History is meant for us to learn from. Erasing history and pretending it did not happen benefits no one.
To me, this amendment is just one more piece in the overall puzzle to erase the South from the national memory. And that is all I have to say about that (apologies to Forest Gump).
Sandy wrote:All that culture crap is just romanticizing and idealizing some of the most unChristlike, valueless individuals and ideas that ever existed in this country. It should be outlawed.
Stephen Fox wrote:stumbled across it today at Barnes and Noble near Rome Georgia. Houses of the Civil War.
The home of Stephens, the LT Gov of the Confederacy in Crawford Co Ga. His story is fascinating breaks several ways in Sandy analysis of the legacy of the Lost Cause
Thornton will like it too
Stephen Fox wrote:Robert E Lee among them and a lot of poor Baptist farmers who fought because the "Yankees were down Here". Im glad my Great grandfather who is buried a mile from my house in Bama, fought with the Union as did Judge Frank Johnson's grandfather.

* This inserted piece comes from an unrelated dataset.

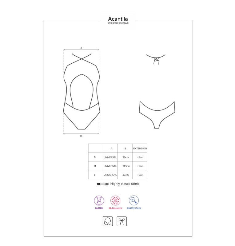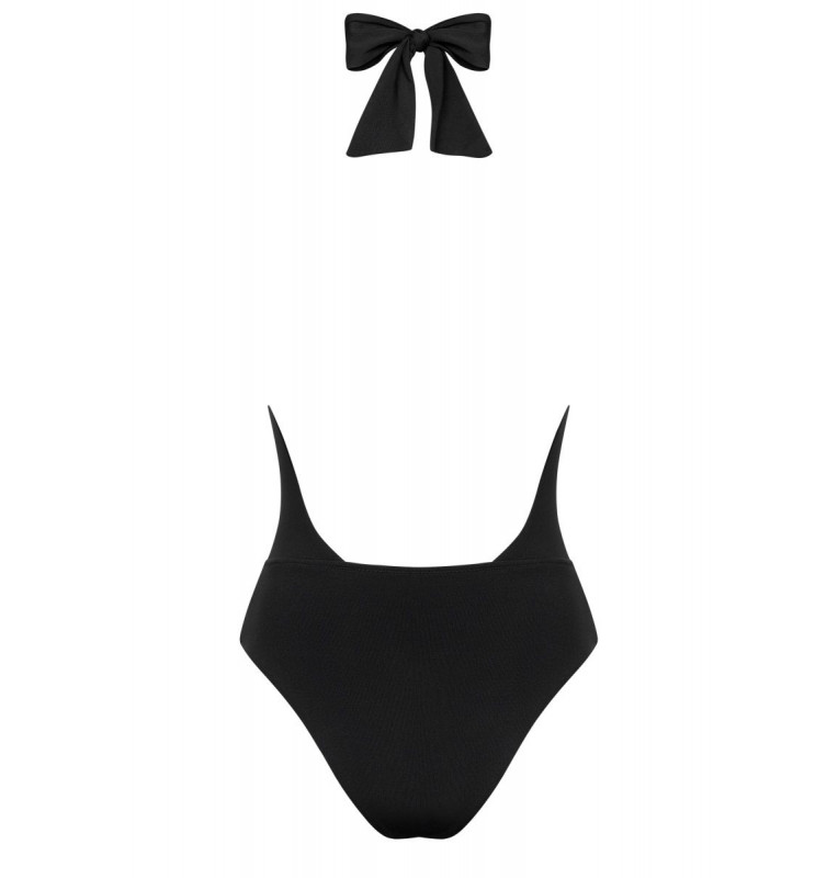Слитный купальник может быть гораздо сексуальнее раздельного. Если речь идет о такой модели как Acantila. Полностью обнаженная спина, трусики с открытыми ягодицами, переплетение широких лент через грудь с завязкой на шее. Фантазия уже рисует, как рука развязывает этот атласный бант, предоставляя взору еще больше прелестей. Купальник подчеркивает все достоинства фигуры: линия живота закрыта плотной тканью, ленты на груди формируют красивую ложбинку, высокие вырезы по бедрам визуально удлиняют ноги.

The Flag got revitalized and put back up on state capitols in late 50s and early 60s as resentment to Brown V Board of Education.
The Sad thing now is best I can figger Sandy and his friends in the SBC can't bring themselves to see what the NRA is now, which in effect is the latest Confederate Flag. The Flag and race baiting has morphed into support for the NRA and Assault Weapons and the SBC is no further along in standing against it than they were in the early 60s when the Confederate Flag went back up the flagpoles.
That is a legacy of the fundamentalist takeover of the SBC; same song different verse. Foy Valentine minus Pressler and Helms and my litany, would have the SBC at a different place now re assault weapons and the NRA. but as it is the leadership--see the rally to Trump's side-- is still in the woodshed with Joe McCarthy .
waiting on Ike to come give em a spanking
Also google Hal Crowther, The New Mind of the South, Oxford American.